- Opening Delimiter -

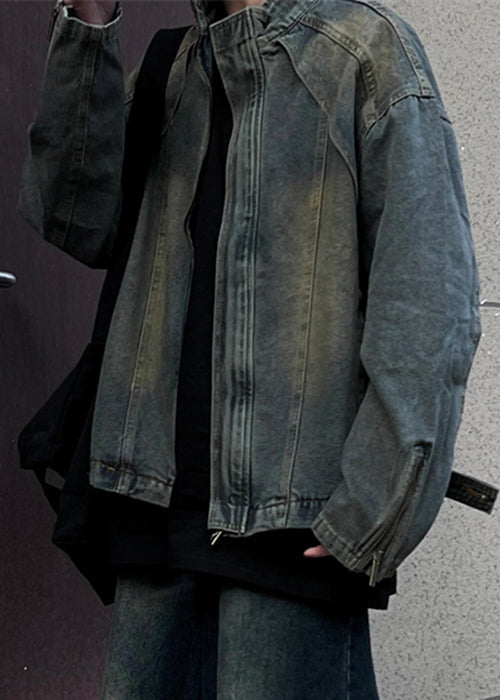 Vintage Blue Zip Up Denim Mens Coats Stand Collar Fall WA024
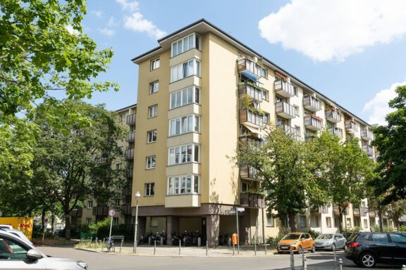 Bei unserer Wohnanlage handelt es sich im Ursprung um einen Gebäudekomplex aus den 1950er Jahren – einer Zeit, in der noch inmitten von Ruinen eine moderne und wegweisende Genossenschaftsarchitektur entstand. Seitdem können unsere Bewohnerinnen und Bewohner das Waschhaus im Innenhof nutzen.
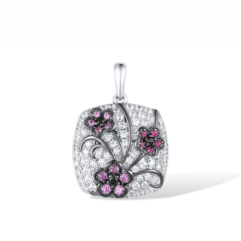 Sterling Silver w/ Black White Plating Pendant Black spinel,Created Pink Sapphire,Created Ruby,White Cubic Zirconia (P316227MULSK925)
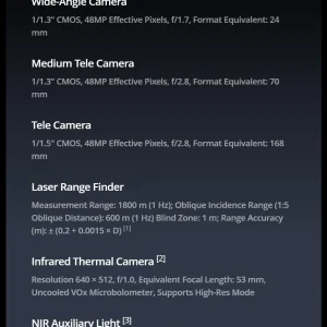 - Camera Tele: Cảm biến CMOS 48MP hỗ trợ Hybrid Zoom siêu xa. Giúp cảnh sát hoặc kỹ sư phóng to đọc rõ biển số xe hoặc mã vạch thiết bị mà không cần bay sát lại gần gây chú ý.

- Closing Delimiter -

## What to do
Your reply should hold exactly the lines from the line containing "Sterling Silver w/" through the final line of the listing, and none of the pictures.

## Solution for this task
 Sterling Silver w/ Black White Plating Pendant Black spinel,Created Pink Sapphire,Created Ruby,White Cubic Zirconia (P316227MULSK925)
 - Camera Tele: Cảm biến CMOS 48MP hỗ trợ Hybrid Zoom siêu xa. Giúp cảnh sát hoặc kỹ sư phóng to đọc rõ biển số xe hoặc mã vạch thiết bị mà không cần bay sát lại gần gây chú ý.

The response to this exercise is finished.